Pfizer is more than 30% below its 52-week high and is in the midst of swallowing Warner-Lambert (WLA:NYSE - news - boards). The American Stock Exchange Pharmaceutical index is down more than 9% since Jan. 1, but to say Schreiber likes the stock is an understatement.

"Pfizer will be the most dominant drug company in the world when they integrate Warner-Lambert. They'll have the biggest product pipe and the best marketing in the industry," he says.

Cardinal Health suffers from the sector's woes, too, in addition to making some dicey acquisitions. The company, nearly 50% off its 52-week high, also was tarred with the same brush as troubled competitor McKesson HBOC (MCK:NYSE - news - boards). But Schreiber believes in the company's management and thinks its new Internet strategy will help silence critics and send the stock up.

Things aren't as rosy among the retailers, where managers say the threat of Internet competitors and a slowing economy have hurt the whole sector, including the likes of Gap (GPS:NYSE - news - boards) and Staples (SPLS:Nasdaq - news - boards).

But Lowe's Companies (LOW:NYSE - news - boards) might be worth a look, says Bruce White, a private money manager with Clifford Associates in Pasadena, Calif.

"It's a hell of bargain," says the usually low-key White, who owns the stock personally and on behalf of clients.

The company is essentially a "Home Depot (HD:NYSE - news - boards) look-alike," says White. Traditionally, Lowe's has refrained from competing with Home Depot in metropolitan areas, but now it's taking the challenge, he says. Wall Street doesn't think the company can do it and has punished the stock in the face of solid earnings.

Wall Street has written off Lowe's simply because analysts love Home Depot, but Lowe's management is savvy enough to make the expansion a success, says White. He thinks once the company proves itself a solid competitor in metro areas, the stock, which is nearly 30% below its 52-week high, will be rewarded.

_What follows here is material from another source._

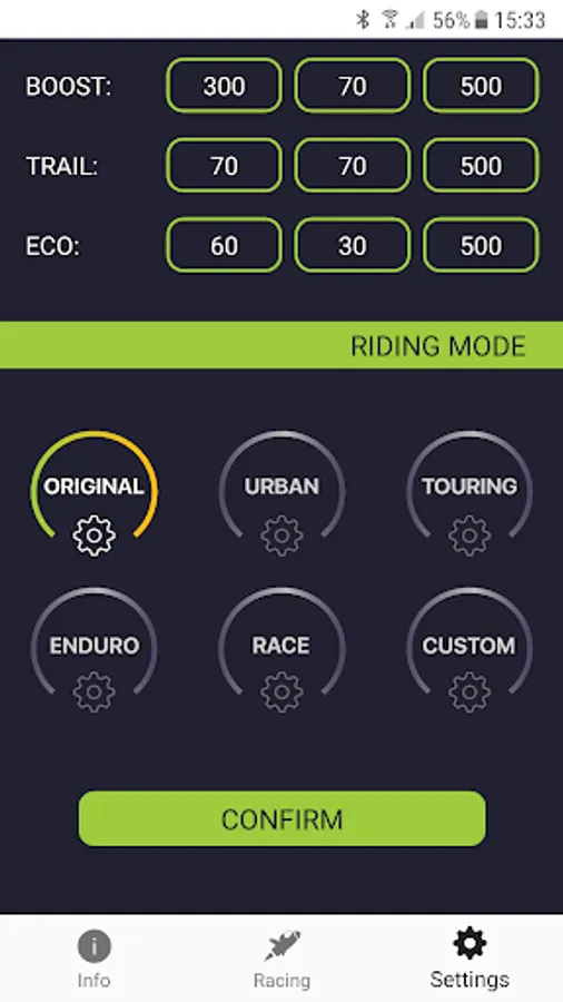 After making the change, it will be possible customize the engine mapping parameters directly from the app. You can choose from a series of preset mappings or create your own mapping.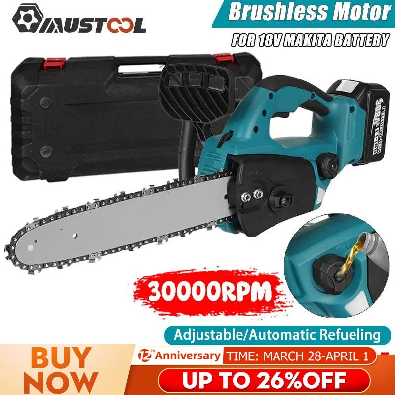 Бесщеточная электрическая бензопила mustools, 4000 Вт, 12 дюймов, автоматическая заправка, для сада, деревообработки, электроинструмент для Makita, батарея 18 в

Dollar General (DG:NYSE - news - boards) is a discount retailer that might be a good play as the Wal Mart (WMT:NYSE - news - boards) "for the low-income person," if the company can cut costs and boost margins, says Dean DuMonthier, who manages Strong Mid-Cap Discipline, up 43% over the past year.

"The low stock price can compensate you for the risk you're taking," he says. The stock is nearly 40% below its 52-week high and its price-to-earnings ratio is well below its peers.

He also likes Capital One (COF:NYSE - news - boards), which he owns in his fund, one of the three credit card shops on our list. As you may imagine, the group on the whole has been under pressure. Even though personal bankruptcies are at an all-time low, investors figure an economic slowdown could create a real credit crunch for these companies, particularly Capital One and Providian Financial (PVN:NYSE - news - boards), both of which have exposure to consumers with less-than-perfect credit.

An earnings slowdown at Bank One (ONE:NYSE - news - boards) last year and regulators' probe into Providian's sales practices have hurt the group, too. But DuMonthier says Capital One's solid management should be able to sidestep its competitors' problems, and he doesn't see a steep downturn ahead. That, he says, makes the cheap stock a bargain.

Is he right? Only time will tell. And the same goes for the others on our list. No one can say for sure which of these stocks will turn around. But it's hard to ignore 20% annual earnings growth forever.